### Requirement:
Would you please copy each line of the listing that mentions "thác"?

### Input data:
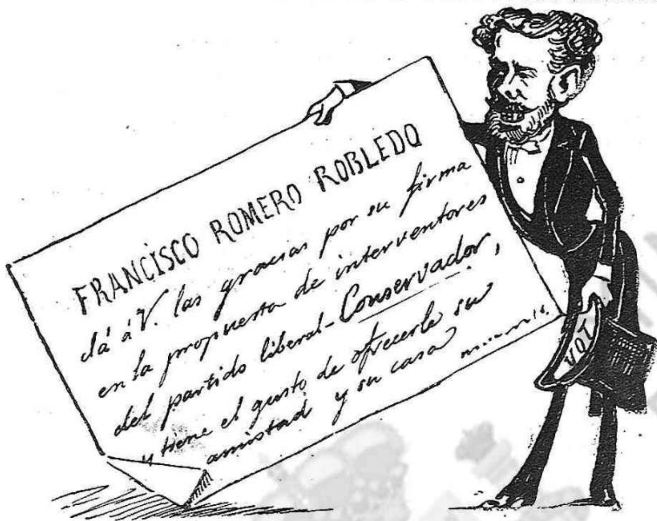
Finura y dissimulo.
---
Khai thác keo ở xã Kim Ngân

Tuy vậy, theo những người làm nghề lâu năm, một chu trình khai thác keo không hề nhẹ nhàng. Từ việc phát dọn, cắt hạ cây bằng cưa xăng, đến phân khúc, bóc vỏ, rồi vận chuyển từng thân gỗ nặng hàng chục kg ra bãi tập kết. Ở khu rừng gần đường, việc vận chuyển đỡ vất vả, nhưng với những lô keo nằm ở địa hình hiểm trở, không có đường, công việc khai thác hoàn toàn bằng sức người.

### Your solution:
Khai thác keo ở xã Kim Ngân
Tuy vậy, theo những người làm nghề lâu năm, một chu trình khai thác keo không hề nhẹ nhàng. Từ việc phát dọn, cắt hạ cây bằng cưa xăng, đến phân khúc, bóc vỏ, rồi vận chuyển từng thân gỗ nặng hàng chục kg ra bãi tập kết. Ở khu rừng gần đường, việc vận chuyển đỡ vất vả, nhưng với những lô keo nằm ở địa hình hiểm trở, không có đường, công việc khai thác hoàn toàn bằng sức người.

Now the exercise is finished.